Sit or stand. If you stand, place your feet hip-width apart. Stay in the stretch for at least 5-10 deep inhales and long exhales.

  • Drop your chin to your chest until you feel a stretch in the back of your neck. You may even feel the stretch all the way down to the upper back.
  • Let the head just hang there for a couple of breaths.
  • Start to roll the chin across your chest towards one shoulder. Then roll your chin back across your chest to the other shoulder.
  • To exit the stretch, return your chin to the center of your chest before lifting it back up.

 

Forward Fold

Stand with your feet hip-width apart. Stay in the stretch for at least 5-10 deep inhales and long exhales.
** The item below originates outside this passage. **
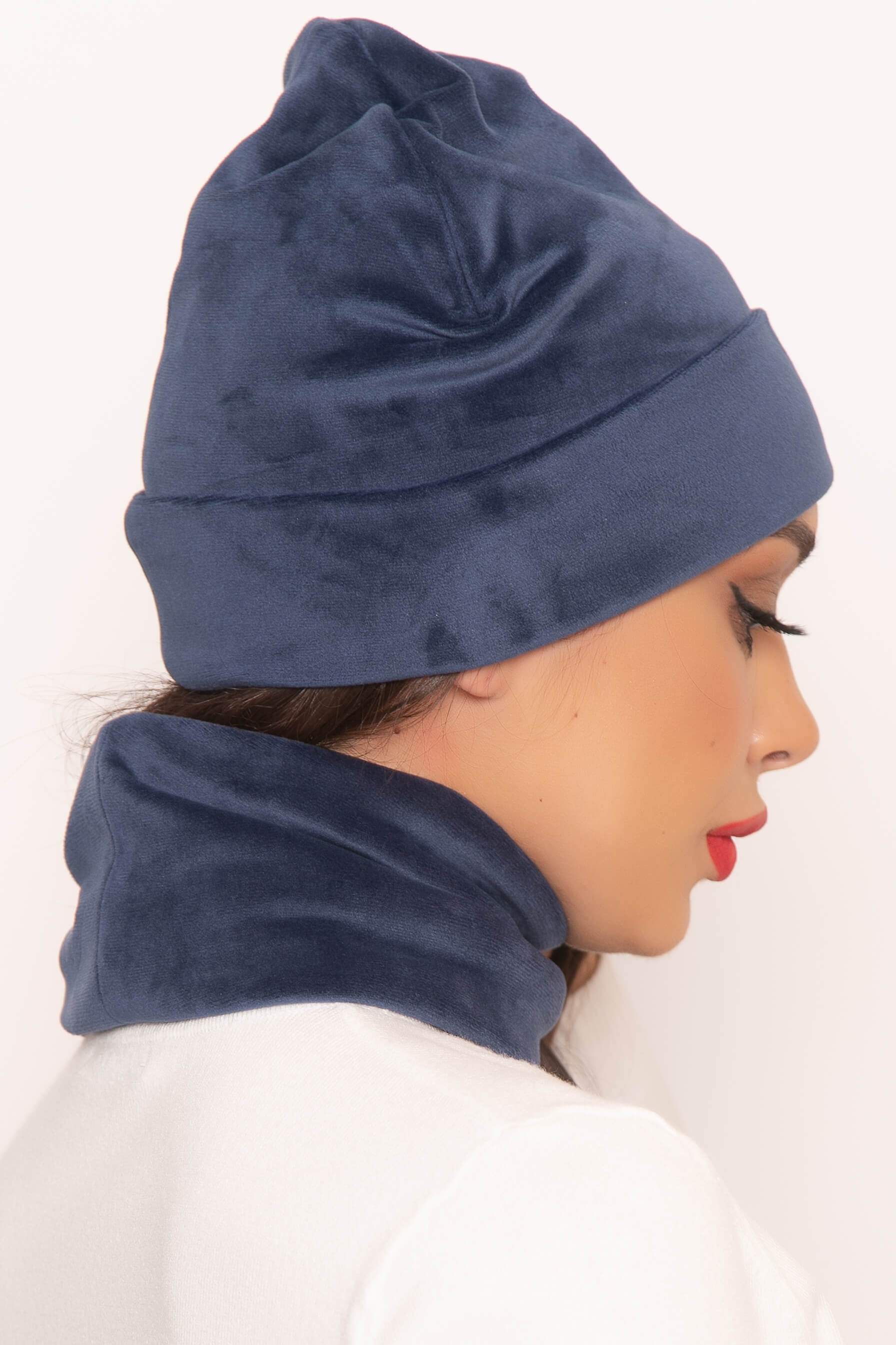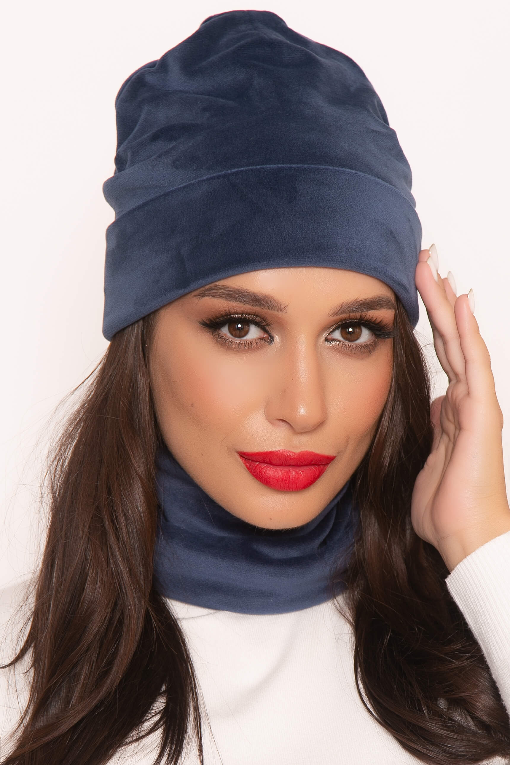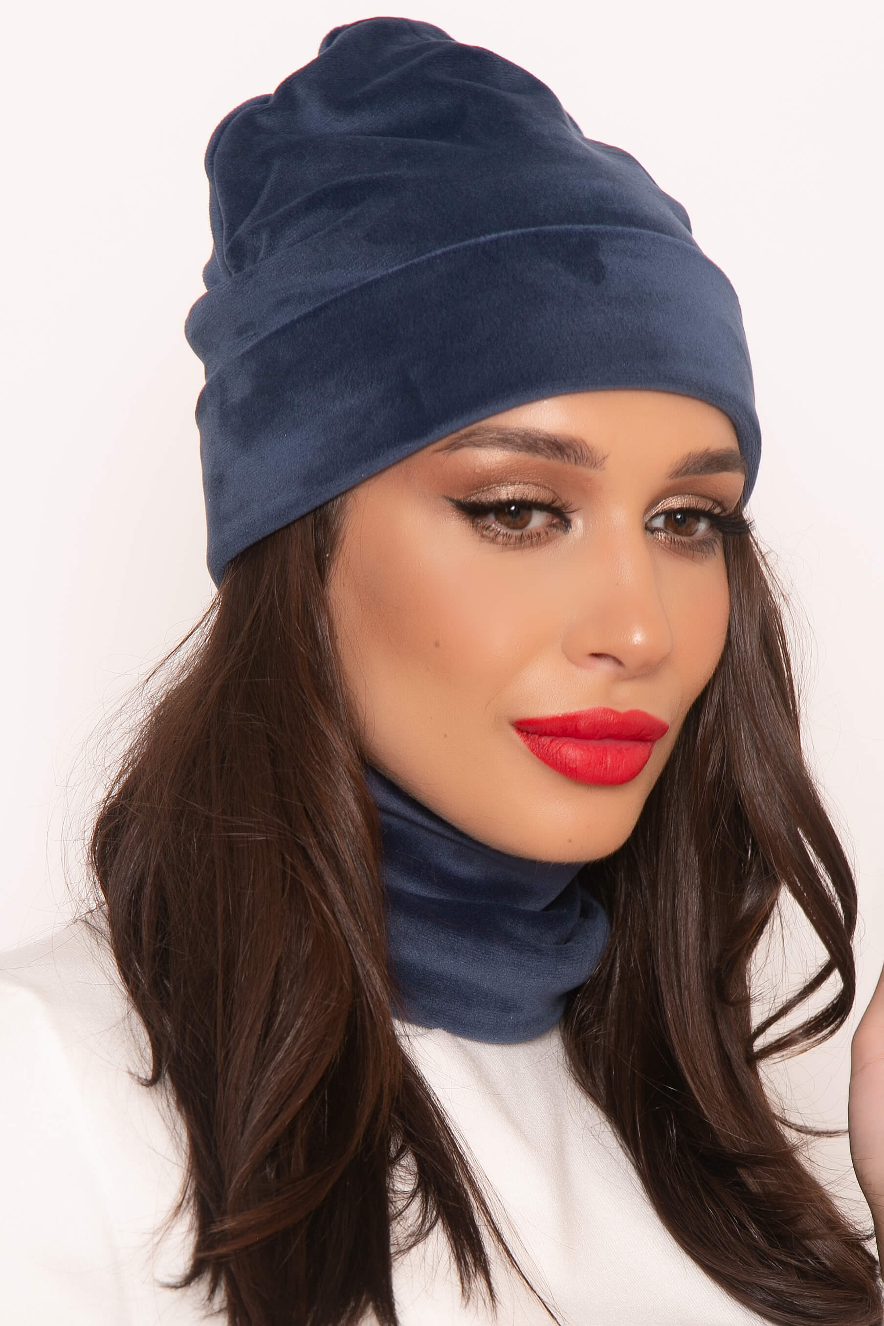 Стильная велюровая шапка согреет Вас в прохладную пору. Шапка имеет универсальную форму и подходит для любой формы лица. Можно носить с отгибкой и без.

  • Bring your hands to your hips, bend your knees and fold forward over your thighs.
  • Keep the knees bent so that your hamstrings can release and your upper body can just drape forward over your thighs.
  • Let your head hang heavy and either dangle your arms or grab at opposite elbows.
  • Depending on where you feel the most tension in your back, you may feel this in the upper back or lower down.
  • To exit the stretch, roll your spine up slowly back to vertical.

 

Stress and Upper Back Pain

It is common to ‘store’ stress in the upper back, between the shoulder blades. So in addition to the tension you are feeling from sitting at a desk all day, stress is adding more tightness to your back. If this is the case with you, know that the breathing involved in these stretches will help to alleviate some of that stress. If you feel that your upper back pain is mostly due to stress, spend some extra time breathing deeply after stretching. Over time you will find that your body is much better at relaxing and releasing the tension in your back that is causing you pain.